Outs should be AB-H-K.
I think that’s probably the issue here--the abv avg figures don’t pass the smell test. Sizemore +3.5? Anybody -45?
Peter is correct that the park factors are applied to the totals, not the marginals.
***
Peter is incorrect in expecting the same rank ordering for RAA. You expect the same rank ordering for RAA per PA.
A guy with +1 in 1 PA will rank way lower than someone with -1 in 600 PA, when looking at “total” runs created.
I also agree that +42 for Pujols doesn’t pass the smell test, not in the slightest.
Patriot’s right - ABs versus PAs. (Blog post and spreadsheet have been updated.) Now I get 79.4. runs for Pujols. Unsure of where the remaining discrepancy between Peter and I is. (The only thing I know of that he and I are doing differently now is that he’s using the weights rounded out to three places, whereas I’m using “unrounded” values.)

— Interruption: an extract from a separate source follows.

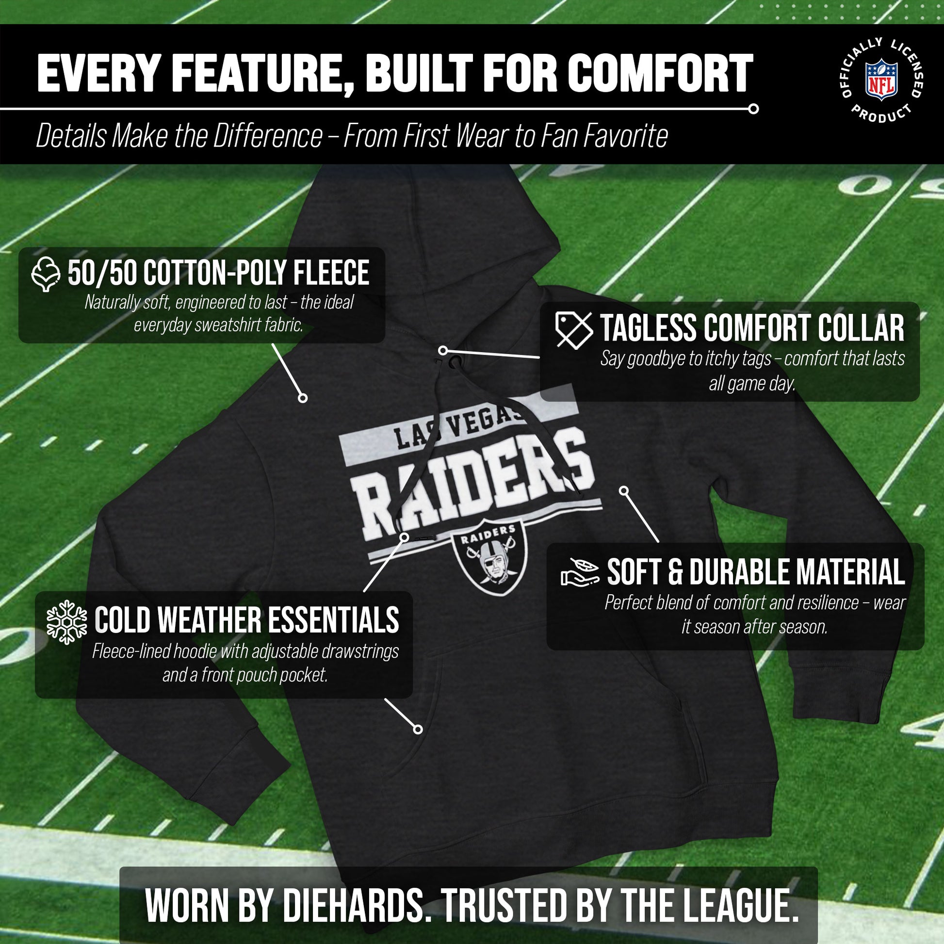 Our Charcoal Gameday Hooded Sweatshirt is a Las Vegas sweatshirt with a warm and toasty 9 oz fleece lining. It's the very best of Las Vegas Raiders apparel, plain and simple. Gear up for your cold weather football game with confidence. Or, for women, bring it with you to games and tie it around your leggings in case the arena is a little chilly. Our football hoodie sweatshirts for men and women are super comfortable, run true to size, and are great for showing your team pride all year long. Plus, the unisex fit is ideal for both men and women and works as an oversized sweatshirt for kids. Las Vegas Raiders sweater for men and women features your teams thermal-printed logo wordmark will stay crisp and clear, wear after wear. All colors and fonts are officially licensed and are of the highest of quality, it even comes with an officially licensed tag. Comes with an officially licensed tag; ribbed cuffs and waistband, double layer hood with drawstrings, spacious front pouch pocket. This football sweatshirt in particular is perfect for tailgates, games, and showing off your team spirit. Gameday hooded [team_ long] sweatshirts make a great birthday, Christmas (or any other holiday), or graduation gift for a sports fan. Gameday charcoal hood is essential apparel for protecting yourself and your loved ones from the elements. The fleece material will keep you warm through the colder months, and the no-zip design allows you to pullover and feel embraced like a big oversized blanket. The Las Vegas Raiders charcoal crew necks are pre-shrunk and are made from a dual blend of 50% cotton and 50% polyester that is ideal for that tailgate or game day when the temperature drops. Pair with your other favorite Las Vegas game day apparel! Say goodbye to cheap sweatshirts. Our charcoal sweatshirts for women and men help you gear up and get ready to cheer your team to victory.

Colin - I am using PA -(Hits + Walks + HBP + SO + DP) for Outs as SO and DPs have been given their own linear weights.
Tango - I was incorrect about the rank order having to stay the same. However, I am not incorrect in criticizing adding a fixed value for every PA. It makes absolutely no sense for two players who have identical PAs and identical Linear weights above average to also have identical linear weights above 0 if one player makes more outs than the other. But by adding a fixed value per PA they will. This is clearly wrong.
Here is an illustration to show where Peter and I differ.
Player 1
0: runs above average
400: outs made
600: PA
Player 2
0: runs above average
450: outs made
600: PA
Obviously, the second player has alot more homeruns.
To get “runs created”, I simply add +.12 runs per PA, and I get both at 72 runs created. So, I get both players as: league average players, who came to bat 600 times each, and generated 72 runs each.
Peter on the other hand is suggesting adding say .36 runs per non-out PA. So, Player 1 gets an extra 72 runs to add to his zero to give him 72 runs created. Player 2 gets an extra 54 runs created.
Am I representing you correctly?
He may also instead want to apply a multiplier to the positive run values. In that case, we have this:
Player 1
0: runs above average
400: outs made
600: PA
120: positive runs
120: negative runs
Player 2
0: runs above average
450: outs made
600: PA
135: positive runs
135: negative runs
So, we add 0.6 runs created per positive run generated. Player A gets an extra 72 runs, to add to 0, to get 72 runs created. Player B gets an extra 81 runs to add to 0 to get 81 runs created.
I’m not sure which way Peter is advocating.
We cross-posted. However, “This is clearly wrong. “ I see it as “This is clearly right!”.
In any case, please tell me from my post 8 illustration which player gets more RC in your view.
Peter,
The correct way to do it would be to either use AB - H - K (as Patriot said) or to use:
PA -(Hits + Walks + HBP + SO)
given the way I constructed the double play weight. It’s not explicitly a seperate term, like the K term, because technically some Ks and CSs are double plays as well. I’m pretty sure I mentioned how I did that in one of my previous articles.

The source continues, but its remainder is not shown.